In the material below, the lines between the one holding "- Lampka może" and the one holding "Zhongxin Jian Tou", inclusive, are to be set down word for word. Pictures stay out.

--- SOURCE MATERIAL Enclosed Below ---

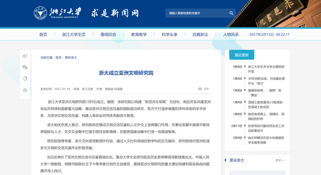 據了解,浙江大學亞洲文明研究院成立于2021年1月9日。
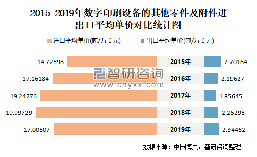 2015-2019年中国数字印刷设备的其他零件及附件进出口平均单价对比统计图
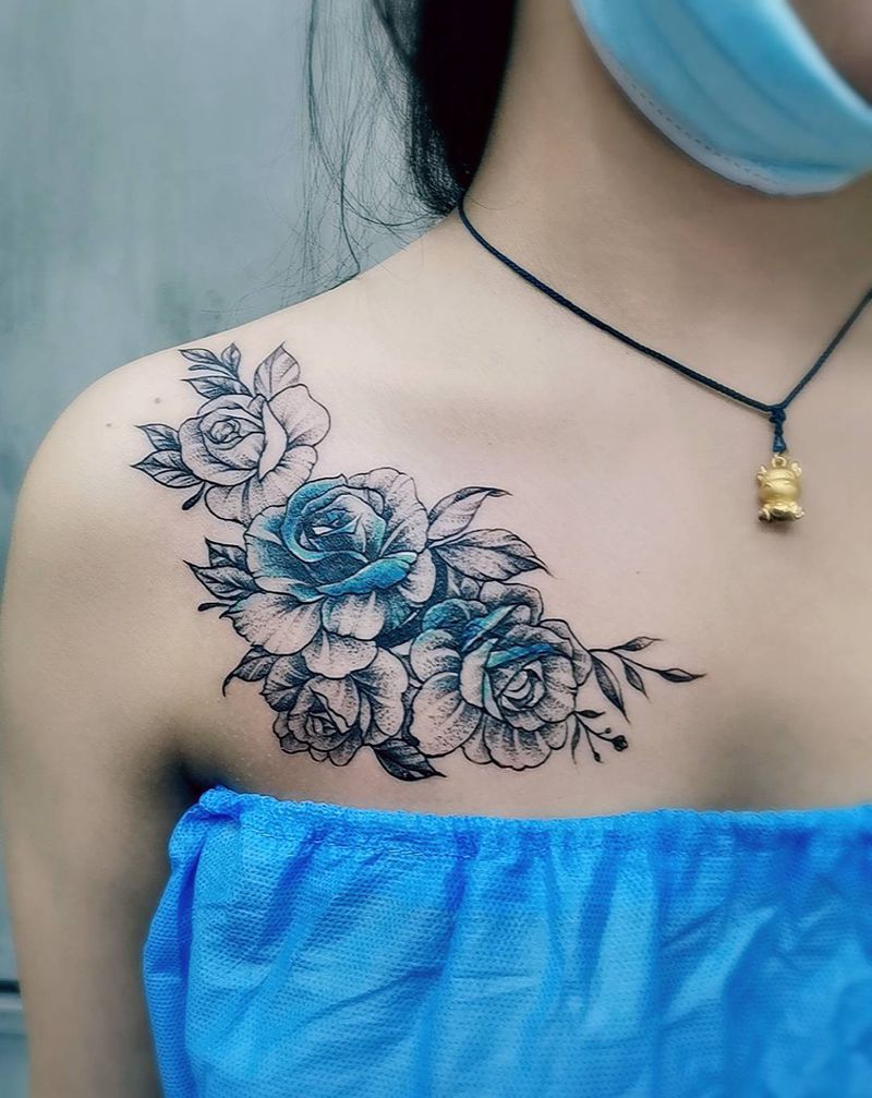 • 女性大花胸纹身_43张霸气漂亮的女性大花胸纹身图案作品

--- End of Enclosed SOURCE MATERIAL ---
--- SOURCE MATERIAL Enclosed Below ---

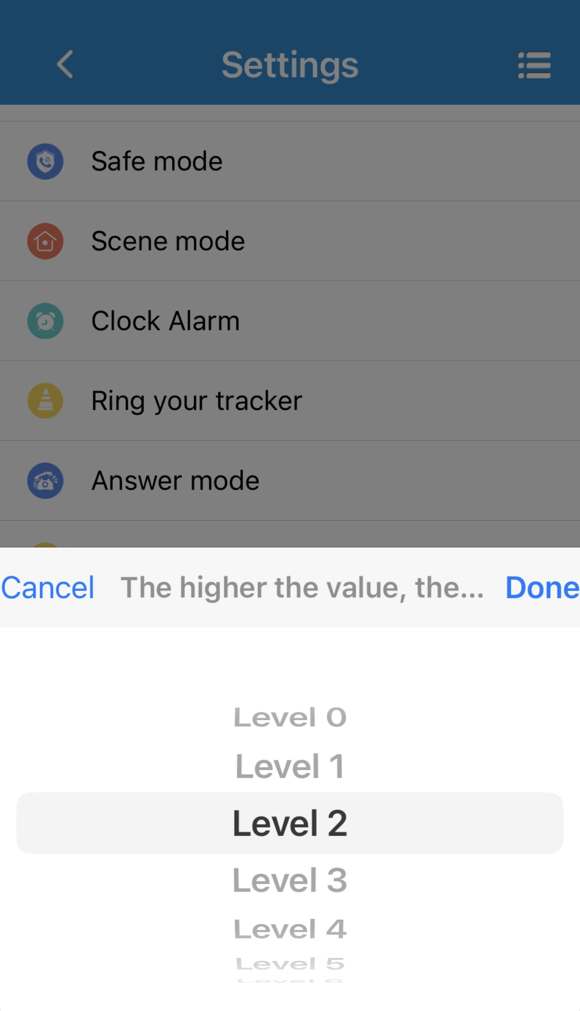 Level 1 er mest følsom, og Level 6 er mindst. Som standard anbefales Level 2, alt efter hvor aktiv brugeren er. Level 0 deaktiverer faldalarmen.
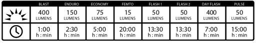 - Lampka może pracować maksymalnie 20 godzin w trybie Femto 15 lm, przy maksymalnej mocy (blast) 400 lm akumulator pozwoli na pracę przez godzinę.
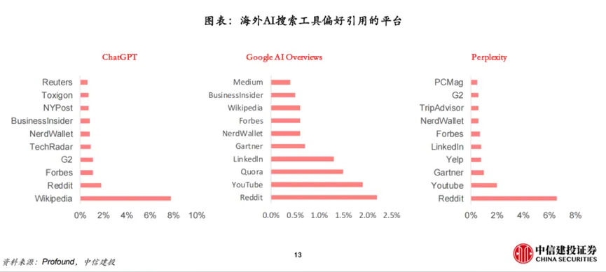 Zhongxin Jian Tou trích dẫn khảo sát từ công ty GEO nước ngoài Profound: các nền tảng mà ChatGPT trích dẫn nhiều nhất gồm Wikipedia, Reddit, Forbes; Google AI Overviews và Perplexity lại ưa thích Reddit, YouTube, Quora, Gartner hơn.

--- End of Enclosed SOURCE MATERIAL ---

• [RESULT BELOW]:
 - Lampka może pracować maksymalnie 20 godzin w trybie Femto 15 lm, przy maksymalnej mocy (blast) 400 lm akumulator pozwoli na pracę przez godzinę.
 Zhongxin Jian Tou trích dẫn khảo sát từ công ty GEO nước ngoài Profound: các nền tảng mà ChatGPT trích dẫn nhiều nhất gồm Wikipedia, Reddit, Forbes; Google AI Overviews và Perplexity lại ưa thích Reddit, YouTube, Quora, Gartner hơn.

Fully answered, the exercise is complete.